INILAHKORAN.ID – Menghadapi musim mudik Lebaran IdulFitri 1447 Hijriah/ 2026 Masehi, Polres CImahi bakal membangun 11 posko mudik dalam rangka Operasi Ketupat Lodaya. 

Kendati demikian, ada yang berbeda dengan Operasi Lilin sebelumnya, sebab bakal hadirnya dua posko terpadu yang ditempatkan di Alun-alun Cimahi dan kawasan Padalarang.
 
“Kita merencanakan posko dengan jenis yang bervariasi, dan dua posko terpadu ini dibuat mengingat potensi jumlah pemudik yang akan signifikan,” kata Kapolres Cimahi AKBP Niko Nurallah Adi Putra saat ditemui, Selasa 3 Maret 2026.
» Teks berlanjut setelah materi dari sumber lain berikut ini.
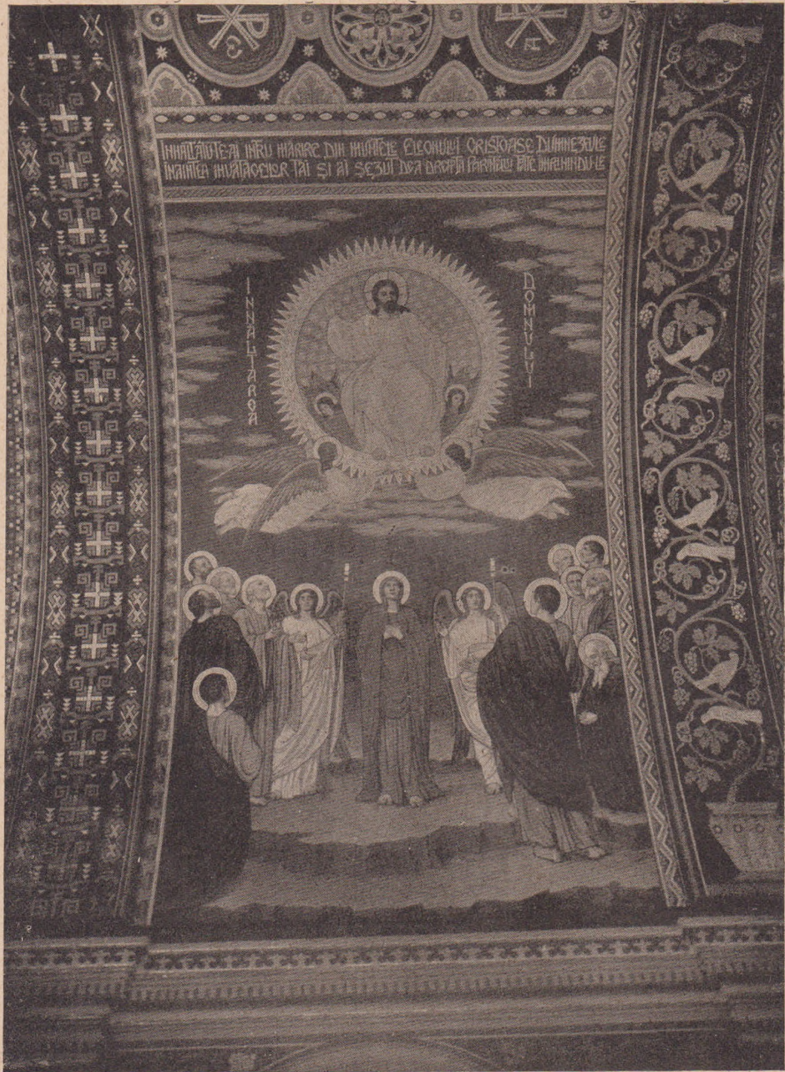
Octavian Smighelschi: Înălțarea Domnului (Biserica din Tâmpăhaza).

Niko menjelaskan, lonjakan arus mudik diperkirakan mulai terasa sejak tanggal 13 hingga 14 Maret 2026 mendatang.

"Kondisi ini dipicu adanya kombinasi libur Nyepi, kebijakan Work From Anywhere (WFA), serta libur sekolah yang bertepatan menjelang Hari Raya IdulFitri," jelasnya.
 
Sementara untuk menjaga kelancaran lalu lintas, pihak kepolisian bakal menerapkan skema khusus yang meliputi sistem one way sepenggal di wilayah perbatasan Lembang.
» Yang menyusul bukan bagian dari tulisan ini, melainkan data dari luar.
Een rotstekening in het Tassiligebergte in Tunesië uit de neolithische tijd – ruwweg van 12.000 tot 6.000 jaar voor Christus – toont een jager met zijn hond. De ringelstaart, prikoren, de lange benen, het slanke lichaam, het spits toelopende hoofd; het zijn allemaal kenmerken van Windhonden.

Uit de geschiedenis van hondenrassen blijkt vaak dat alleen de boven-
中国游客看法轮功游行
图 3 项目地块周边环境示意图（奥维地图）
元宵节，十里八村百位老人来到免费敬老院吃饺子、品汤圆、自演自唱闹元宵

Pasalnya, destinasi wisata yang masih digemari para pemudik setelah melakukan silaturahmi dengan keluarga.
 
“Setelah tiba di kampung halaman dan melakukan silaturahmi, banyak pemudik yang memilih untuk berlibur ke Lembang, sehingga kita perlu antisipasi dengan rekayasa lalu lintas,” bebernya.
 
Selain wilayah Lembang, sebut Niko, ada tiga titik trouble spot yang menjadi prioritas penanganan pihaknya, yakni pertigaan Beatrix di mana akan diterapkan sistem one way dengan arah yang disesuaikan kondisi lapangan, baik dari bawah ke atas maupun sebaliknya.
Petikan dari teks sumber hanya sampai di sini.